Review extraction service

After you have confirmed that the documents you want to extract content from are standard forms, you can then plan the type of standard forms extraction service that fits your requirement.

The following technologies are available for processing standard forms:

IQ Bot extraction service

This is a template based extraction service that uses OCR and heuristics to extract content from standard forms. You have to train one template per standard form.

Guidelines for using IQ Bot extraction service
  • Documents are of good quality (300 dpi)
  • Document content is not very dense
  • Input documents do not have any handwritten copies (limited support)
  • Signatures are currently not supported
  • Contains simple table layout (span within a page) with clear header, table boundaries, and so on
  • Does not contain any tables or content that have checkboxes (limited support)
  • Does not have any repeated sections (limited support)
Benefits of IQ Bot extraction service
  • An integrated and simple out-of-the-box setup
  • Various OCR engines to increase accuracy of extraction
  • Complex layouts (repeated sections, continuous tables etc) can be extracted for specific cases (needs testing)
  • Only requires IQ Bot license

Microsoft Azure Form Recognizer service

Third party technology, that provides custom built Artificial Intelligence (AI) models to extract content from standard forms. You can create custom models where documents can be labelled and trained.

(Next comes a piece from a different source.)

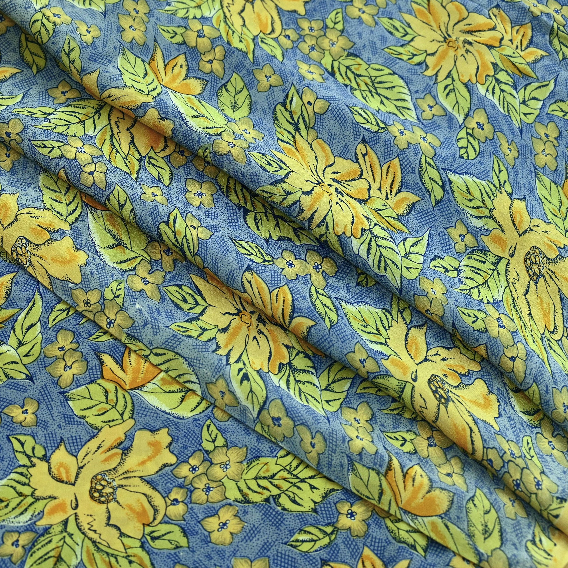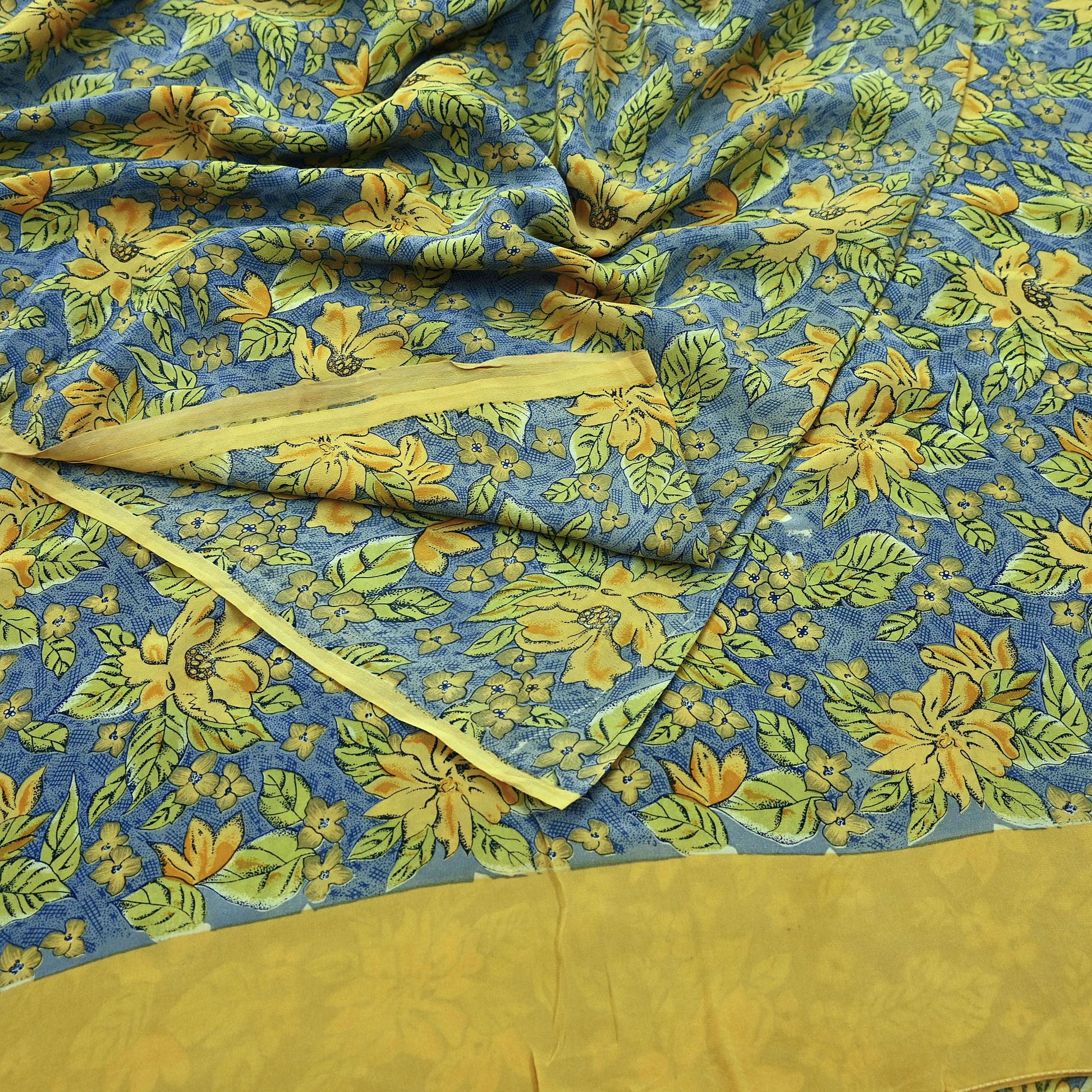 The rich Blue & yellow base enhances the vibrancy of the printed motifs, making it a standout fabric for dressmaking, wrap skirts, scarves, or home décor accents such as cushion covers or table runners. The soft, fluid drape of pure crepe silk offers ease of handling and a luxurious finish.

Guidelines for using Microsoft Azure Forms Recognizer service

  • Input documents:
    • can be dense (contain lot of details and information) and have a reasonable quality (>200 dpi)
    • can contain checkboxes and radio buttons
    • can have handwritten content
    • can contain signatures
    • can contain tables

      The input documents can also contain tables that span over a single page. However, if the standard forms contain table that span across multiple pages, the content extraction can fail.

  • None of the sections in the input documents are not repeated
  • Documents that contain transpose tables

Benefits of Microsoft Azure Forms Recognizer service

  • Diverse standard form type documents can be processed
  • Auto detection feature can identify different types of tables such as header-less table, inverted tables, and so on
  • Good support for handwritten forms